Despite acknowledging the lack of evidence for LIDs, British Thyroid Association guidelines advise an LID prior to RRA(3). In the UK, many treatment centres use the UK Low Iodine Diet Working Group diet sheet and advise restricting fish, seafood, seaweed, dairy produce, eggs, iodised salt (although salt is not routinely iodised in the UK) and a wide variety of foods containing these ingredients as well as nutritional supplements and cough mixture(12). However, different treatment centres give differing advice, particularly regarding length of dietary restriction and when to restart usual diet(13). The effect of LID advice on treatment success in the UK has not been examined.

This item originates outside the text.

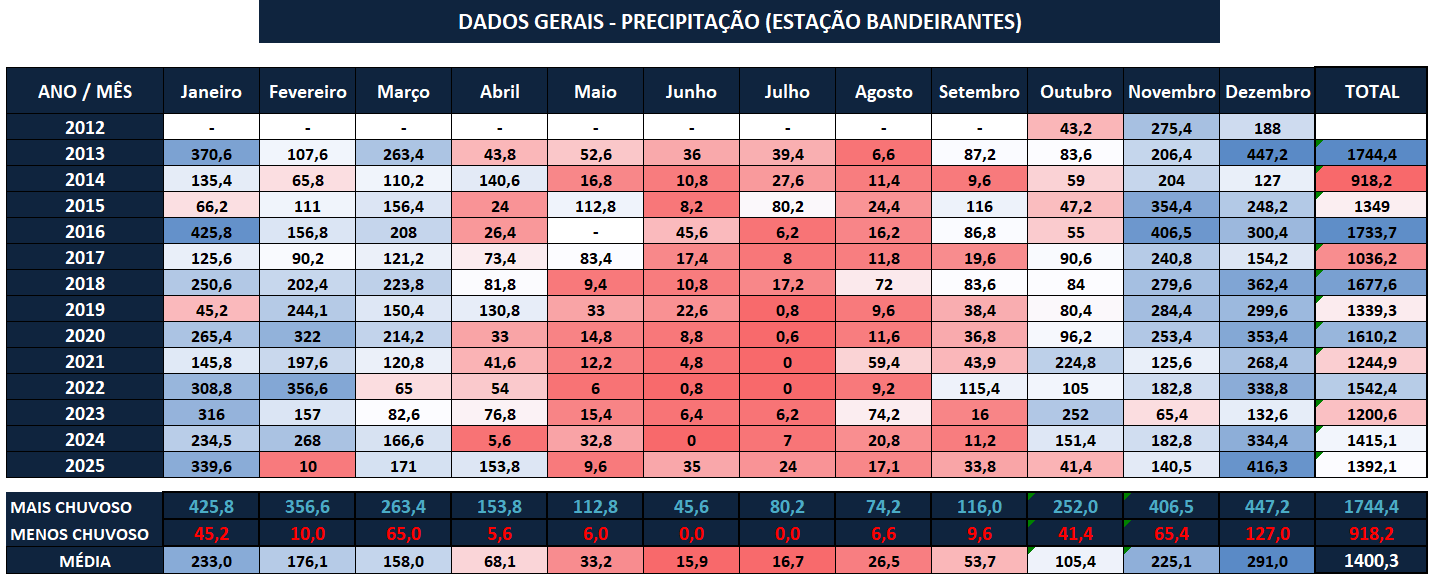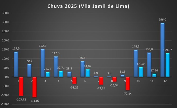 Tstorm Posted January 4, 2026 at 02:34 PM Share Posted January 4, 2026 at 02:34 PM (edited) RESUMO PLUVIOMÉTRICO DE QUEIMADA NOVA - PI EM 2025 - ZONA URBANA: Destaques: Com 545 mm, esse foi o 4º ano mais seco da minha série (2013 - 2025), interrompendo uma sequência de 5 anos de chuvas acima da média. O maior destaque positivo do ano foi janeiro que, com 241 mm, foi o 6º mês mais chuvoso da série. O grande ponto negativo foi o bimestre fevereiro-março, pois teve só 6 mm, mesmo sendo o bimestre com maior média (272,5 mm). Em Paulistana - PI, choveu um pouco mais no bimestre FM (20,8 mm), mas, ainda assim, foi o FM mais seco de sua série histórica (iniciada em 1914). Abril foi muito irregular, mas foi o 3º abril mais chuvoso da minha série, com 135 mm. Dezembro de 2025 (115 mm) também foi o 3º dezembro mais chuvoso do meu histórico. Também foi o 2º dezembro com mais dias de chuva (9 dias). - ZONA RURAL (LOCALIDADE SÃO JOSÉ): Esse pluviômetro fica 9 km ao leste da cidade, em um local com média mais baixa em relação a zona urbana, provavelmente porque na cidade a orografia favorece maiores acumulados. Na curta série desse local (dados completos desde 2021), 2025 foi o ano mais seco. Edited January 7, 2026 at 03:28 PM by Tstorm 8 1 Quote Link to comment Share on other sites More sharing options...

This is a retrospective study of patients with DTC comparing response to RRA in three UK centres that give different LID advice prior to RRA. The aim is to determine if there is a difference in response according to provision of advice to follow a LID.

Sites

We recruited three UK treatment centres that routinely administer RRA for thyroid cancer giving different LID advice. Centre 1 (C1) did not advise patients to follow a LID, Centre 2 (C2) advised a LID for one week prior to RRA and Centre 3 (C3) advised a LID for two weeks prior to RRA and 48 hours post.

Patients

Clinical records of patients diagnosed with DTC who underwent RRA for thyroid cancer at the three sites between 01/01/2015 and 31/12/2016 were reviewed. Eligible patients were those treated with one stage or two stage total thyroidectomy and diagnosed with papillary or follicular thyroid cancer by histology. Included patients were those with stages N0 to N1b and treated with any administered activity who had been prepared with either rhTSH or THW protocol. Records were excluded if patients had distant metastases, were experiencing recurrence, or had two radioiodine therapies planned from the outset due to residual disease or local involvement of surrounding tissue. Patients diagnosed during 2016 but treated with RRA during 2017 were excluded. Identification of thyroid cancer during treatment for other cancers was not an exclusion criterion.

Outcome

Response to treatment was determined by a three tier system advised by UK Guidelines for the Management of Thyroid Cancer(3), adapted from the American Thyroid Association Dynamic Risk Stratification Score (ATA Score)(14) which uses results from neck ultrasound (US) and thyroglobulin (Tg) tests at 9 to 12 months post ablation. Responses are classified as excellent response (low risk of recurrence), indeterminate response (intermediate risk of recurrence) and incomplete response (high risk of recurrence). Where neck US was not available, results from diagnostic whole-body scan (DxWBS) was used(3). Thyroglobulin is secreted by normal and cancerous thyroid cells and detectable Tg post-thyroidectomy indicates remnant thyroid tissue or the presence of residual or recurrent tumour(3). Tg may be measured using immunometric assays (Tg-IA) or radioimmunoassays (Tg-RIA). Tg antibodies (TgAb) can interfere with the measurement of Tg, producing falsely low results and masking disease. Both Tg-IA and Tg-RIA are subject to false negatives, but no TgAb detection cut-off exists that eliminates false negatives and false positives(15). Patients with no evidence of disease on neck US or DxWBS, supressed or stimulated Tg < 1ug/l and any detectable TgAb were classified as an indeterminate response, in strict accordance with the ATA Score.

Data extraction

Anonymised data on demographics, details of surgery, tumour, node and metastasis (TNM) staging, ¹³¹I dose, post ablation assessment and evaluation of treatment success at 9 to 12 months post RRA were extracted. Data extraction was undertaken and checked by clinical staff or trained coders.

Statistical analysis

Overall comparisons were made between centres with respect to patients’ ages, gender, grouped TNM stage (7th edition)(16), ¹³¹I administered activity, and ATA Score, using chi-squared tests or one-way ANOVA as appropriate. These were followed by within-centre comparisons of these variables between patients with excellent, indeterminate, or incomplete outcomes.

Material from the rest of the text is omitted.